Много раз я говорил себе, что такое существование недостойно меня, но у меня недоставало воли разорвать с ним, покинуть двор Максима и навсегда расстаться с надеждою приблизиться к Гесперии. Как то было в Риме, так в Треверах, красота ее меня порабощала: в свое время покинуть Рею мне было трудно потому, что ее ласки давали мне радость единственную; теперь покинуть Гесперию мне казалось еще труднее потому, что я испытывал ни с чем не сравнимый восторг, смешанный с жестоким мучением, глядя на нее, приближаясь к ней, ежедневно подвергаясь ее оскорблениям. Каждое утро я начинал сладостными мечтами о том, где сегодня я увижу Гесперию, и каждый вечер, вспоминая обиды, которые она с небрежным видом нанесла мне за день, я сжимал рукою сердце, порывисто бившееся не то от боли, не то от счастия.
Однако с каждым днем мне становилось все тяжелее длить мою позорную жизнь, и мое самолюбие все настойчивее повторяло мне, что так или иначе я ее изменить должен. После долгой борьбы с самим собою, после горьких раздумий в течение целых ночей и одиноких слез я, наконец, решился на половинную меру. Максим отправлял свое посольство к Юстине и Валентиниану, чтобы продолжить переговоры, начатые при посредстве Амбросия. Я попросил, чтобы меня назначили в это посольство, надеясь, что разлука с Гесперией успокоит мои чувства и даст мне силы принять твердое решение. Моя просьба была удовлетворена, и, в звании магистриана, я поехал, с другими членами посольства, в Медиолан, куда переселился юный брат Грациана.
Опять довелось мне совершить переезд через Альпы и, по мере того как мы подвигались вперед и вставали передо мною знакомые местности, словно какая-то шелуха спадала с моей души. В моей памяти вставали пережитые мною бурные и счастливые дни, удивительный, оставшийся мне непонятным образ Реи, картины битвы, в которой я участвовал, «схватки и бой, пролитие крови, людей истребленье», странным мне стало казаться, что теперь я могу довольствоваться местом маленького служащего при сомнительном императоре, и честолюбие в моей душе начинало брать верх над безнадежной любовью. «Нет, — говорил я себе, — лучше вести жизнь безрадостную, но доблестную, лучше отречься от счастия навсегда, но быть полезным родине, чем изнывать в постыдном бездействии, скованным, как раб, цепями неразделенной страсти!» Встречая вновь людей, честно поклоняющихся богам предков, я чувствовал, что во мне возрождается вера в защиту бессмертных, и по ночам, наедине, я молил Олимпийцев помочь мне вернуться к настоящей жизни и набожно прочитывал молитвы, которым когда-то меня учила мать: «Luam Saturni, Iurites Quirini, Heriem Iunonis…»

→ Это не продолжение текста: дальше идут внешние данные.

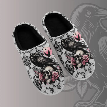 Elegant Rose Floral Plush Slipper Collection, Cozy Botanical Art House Shoes FN089-25009074
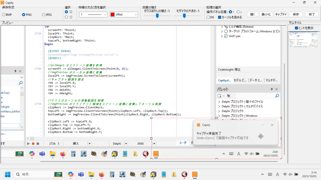 処理可能な画像数は、正直、自分でもよくわかりません。お使いの PC 環境(搭載しているメモリの大きさ等)により変化するものと思われます。保存するファイルの名称は、もちろん任意の名称を付けることも可能ですが、デフォルト設定では「 Screenshot_20251005_032342.png 」のように Screenshot_ に続けて西暦年月日時分秒が自動的に付くので、これまでファイルとして保存する際に面倒に感じていた「名前を付ける」作業から完全に解放されました。作った自分で言うのもナンですが、すごく便利です!!
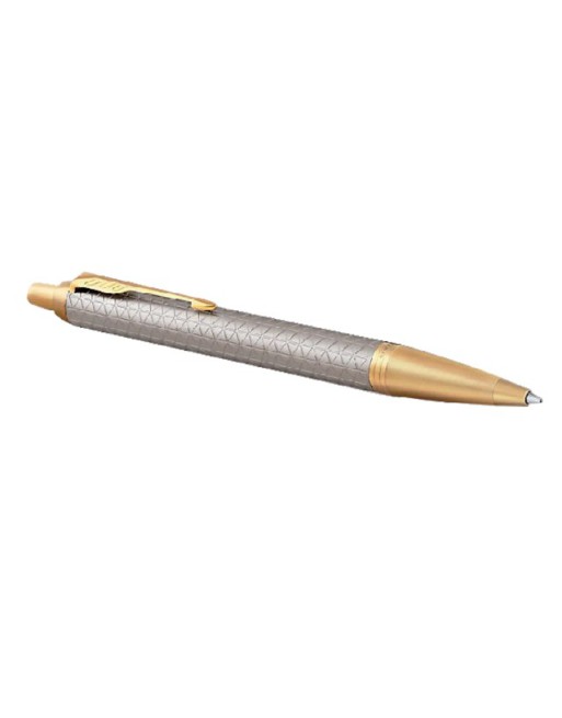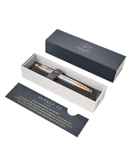 * IM - uiterst professioneel en betrouwbaar. * De Parker IM, de ideale partner met onbegrensde mogelijkheden is zowel aantrekkelijk, gepolijst en gerenomeerd. * In duurzame afwerkingen die verwijzen naar de rijke Parker traditie.* Premium Warm Grey GT, mat zilverkleurig geanodiseerd aluminium met een tastbaar bewerkt motief. * Voorzien van goudkleurige afwerkingen en een edelstalen penpunt. * Verpakt in een luxe geschenkverpakking. 1 stuk
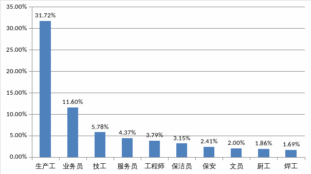 企業緊缺的職位總人數有4190人,其中排名前三的是:生產工、業務員、技工,分別占比31.72%、11.60%、5.78%。
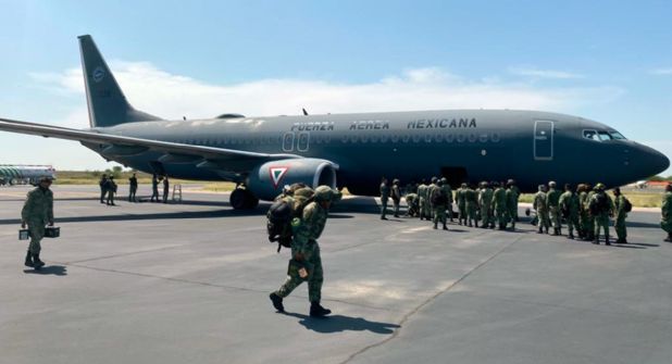 Los soldados de refuerzo arribaron a la zona a través del Aeropuerto Internacional Quetzalcóatl, ubicado en el surponiente de NUevo Laredo, Tamaulipas.
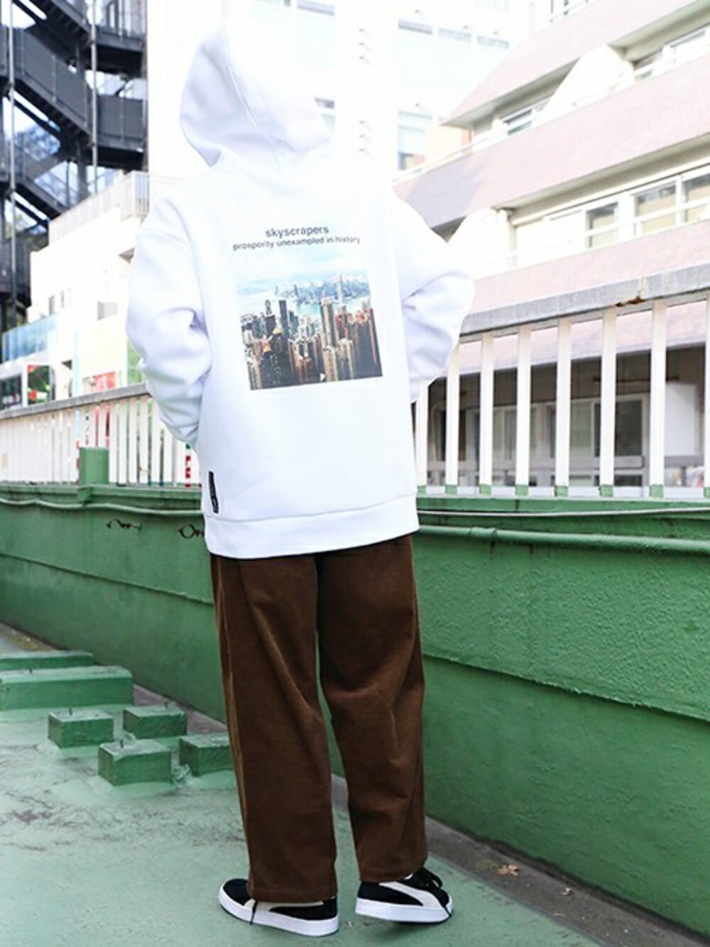 今回は転写プリント、刺繍、発泡プリントなどの様々な技法を取り入れた「転写フォトシートプリントパーカー」をご紹介します! しっかりとした厚みのあるヘビーウェイトのパーカーには太畝のコーデュロイワイドパンツを合わせ、今らしいスケーターライクなコーディネートに仕上げました◎ プリントパーカーは今季らしさを簡単に演出できるアイテムなので、まだお持ちでない方は是非GETしてみて下さい(^_^)

В Медиолан мы приехали одновременно с новым Сенаторским посольством, во главе которого опять стоял Симмах. Римский Сенат, по смерти Грациана, решил сделать вторичную попытку добиться разрешения восстановить в Курии алтарь Победы, и вторично великий оратор взял на себя труд произнести перед юным императором речь в защиту древней Римской веры. Симмах узнал меня, когда мы с ним встретились на улице Медиолана, и дружески позвал меня к себе.
Словно чудодейственной водой, врачующей недуги души, была для меня приветливость префекта, который принял меня как равного, несмотря на свое высокое положение и все возрастающую славу писателя. Умные речи Симмаха о современном положении дел, о новом распадении империи, об обязанностях каждого Римлянина в такие смутные дни были для меня целебным напитком, возбуждающим силы и желание бороться. Но, может быть, всего живительнее подействовали на меня рассказы Симмаха о жизни в Городе и о знакомых мне лицах.
Симмах сообщил мне, что мой дядя, Тибуртин, вновь принял в дом свою жену Меланию и ее дочь Аттузию, но сильно пал духом, окончательно предался радостям Бакха, так что почти не посещает заседаний Сената. Но работа тайного общества нисколько не прекратилась со времени отъезда Гесперии; напротив, можно даже сказать, что участники заговора добились значительных успехов: сам Симмах в этом году был префектом Города, Флавиан — префектом префектуры Италии, Претекстат назначен консулом. Таким образом три вождя общества сосредоточивали в своих руках власть над всей страной древнего Рима, от Альп до Сикулийского моря, и могли действовать настойчиво на пользу своих замыслов. Симмах не надеялся на успех и второго посольства, но был уверен, что известие о нем произведет на население нужное впечатление и что его релация Валентиниану, которая будет обнародована, подготовит умы для будущего восстания против императоров, насильно заставляющих потомков Ромула служить иудейскому Христу.